(Stored records)
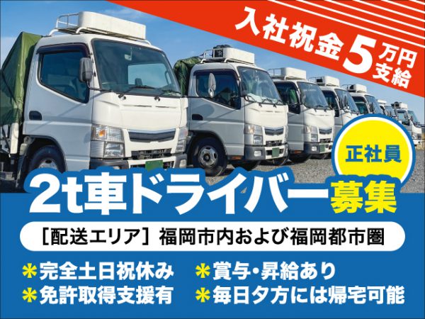 糟屋郡志免町/2t車配送ドライバー/正社員/土日祝休み/未経験者歓迎/入社祝金有/株式会社 酒井運送
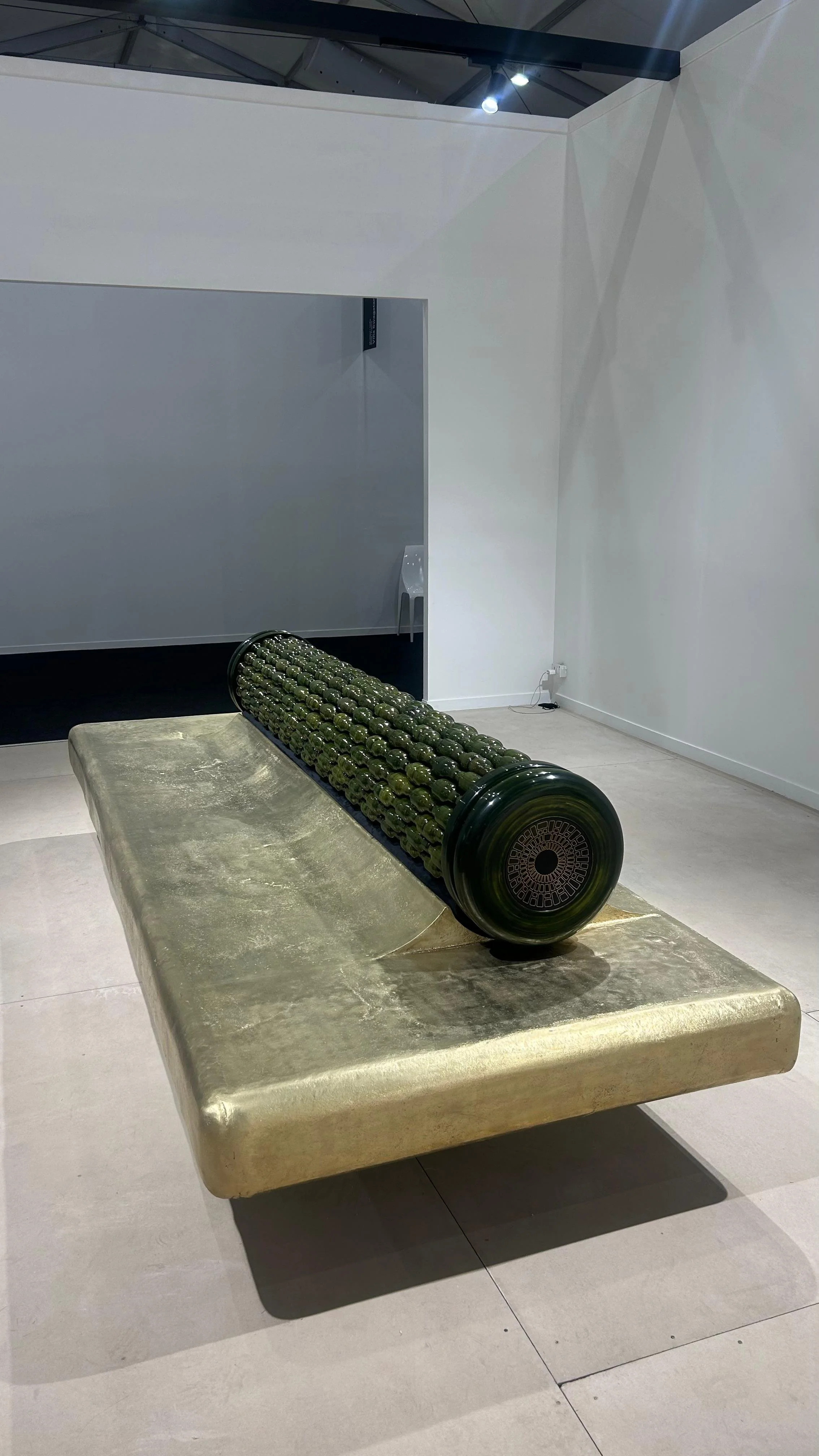 Another booth that landed with real clarity was Æquō in collaboration with Villa Swagatam, presenting work by Marie Gastini. The collaboration is rooted in a residency model—Villa Swagatam and Æquō selected Gastini to engage Indian material cultures, with outcomes presented at India Art Fair.
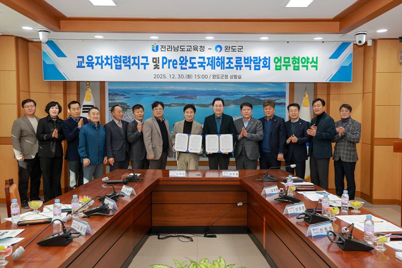 지난해 12월 30일, 완도군과 전남교육청은 ‘교육자치협력지구’ 사업의 성공적 추진과 2026 Pre완도국제해조류박람회의 협력 체계 구축을 위한 업무 협약을 공식 체결했다. 이날 협약식에는 신우철 완도군수와 김대중 전라남도교육감을 비롯해 김양훈 완도군의회 의장, 이철영 완도교육지원청 교육장, 신의준 도의원 등 30여 명이 참석해 힘을 실었다.
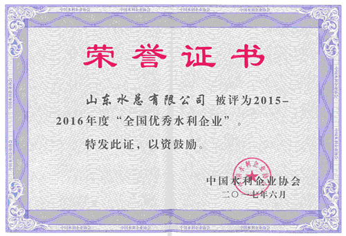 公司荣获2015-2016年度“全国优秀水利企业”
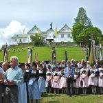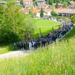 Von seiner allerschönsten Seite zeigte sich der Chiemgau am Sonntag den Trachtlern des Gauverbandes I bei ihrer 68. Bitt- und Dankwallfahrt von Siegsdorf nach Maria Eck. 2500 Trachtlerinnen und Trachtler aller Altersgruppen aus 102 Vereinen des großen Gauverbandes pilgerten bei schönstem Sommerwetter betend den langen Weg hinauf zur Wallfahrtskirche, wo sie von den Berchtesgadener Weihnachtsschützen mit donnerndem Salut begrüßt wurden. Guardian Bruder Franz vom Kloster Maria Eck freute sich, dass sich wieder so viele, und besonders auch viele junge Trachtler gemeinsam auf den Weg gemacht hatten „um als Mitarbeiter Gottes, der Sache des Friedens zu dienen“.
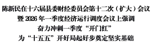 2月27日,十六届县委财经委员会第十二次(扩大)会议暨2026年一季度经济运行调度会议召开,县委书记陈新民出席并讲话。他强调,要坚决贯彻党中央和省委、市委决策部署,锚定目标、真抓实干,以“开局就是决战、起步就是冲刺”的劲头,奋力冲刺一季度“开门红”,为“十五五”开好局、起好步奠定坚实基础。
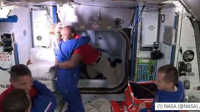 4 astronotun Uluslararası Uzay İstasyonuna girişi böyle görüntülendi. Görüntülerde UUİ’daki astronot ve kozmonotlar, istasyona giriş yapan astronotları kucaklayarak karşıladığı görülüyor. 4 astronot da girince alkış sesleri duyuluyor.
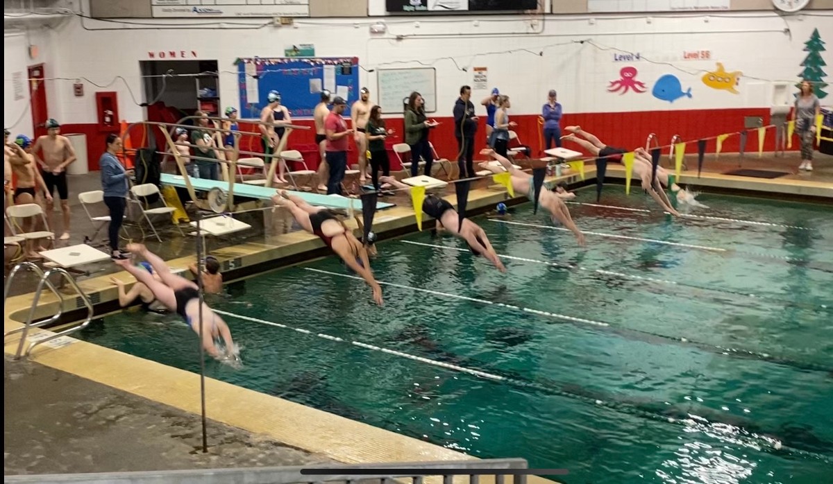 Alumni Meet is a rollicking Success. Parents, Swimmers, Alumni, and a guest appearance from WEST Swim Team, headed by Andrew Winquist, made the Alumni Swim Meet a huge success. A great part of the meet was the participation, and enthusiasm, by all the people who volunteered to help, on the spur of the moment. The competition was highlighted by dominant performances in the relays by the eight Mighty Alums, who appeared to have not lost a step, as they took off flying, and never looked back. The Marlin Team, with their great depth, won the meet scoring 704 points, while the Alums scored 402 and WEST scored 379.

* **EXERCISE AIM**: In the data above, take the line with "Von seiner allerschönsten", the line with "2月27日,十六届县委财经委", and every line between, and set them down exactly without pictures.

* **SOLUTION TO THE EXERCISE**:
 Von seiner allerschönsten Seite zeigte sich der Chiemgau am Sonntag den Trachtlern des Gauverbandes I bei ihrer 68. Bitt- und Dankwallfahrt von Siegsdorf nach Maria Eck. 2500 Trachtlerinnen und Trachtler aller Altersgruppen aus 102 Vereinen des großen Gauverbandes pilgerten bei schönstem Sommerwetter betend den langen Weg hinauf zur Wallfahrtskirche, wo sie von den Berchtesgadener Weihnachtsschützen mit donnerndem Salut begrüßt wurden. Guardian Bruder Franz vom Kloster Maria Eck freute sich, dass sich wieder so viele, und besonders auch viele junge Trachtler gemeinsam auf den Weg gemacht hatten „um als Mitarbeiter Gottes, der Sache des Friedens zu dienen“.
 2月27日,十六届县委财经委员会第十二次(扩大)会议暨2026年一季度经济运行调度会议召开,县委书记陈新民出席并讲话。他强调,要坚决贯彻党中央和省委、市委决策部署,锚定目标、真抓实干,以“开局就是决战、起步就是冲刺”的劲头,奋力冲刺一季度“开门红”,为“十五五”开好局、起好步奠定坚实基础。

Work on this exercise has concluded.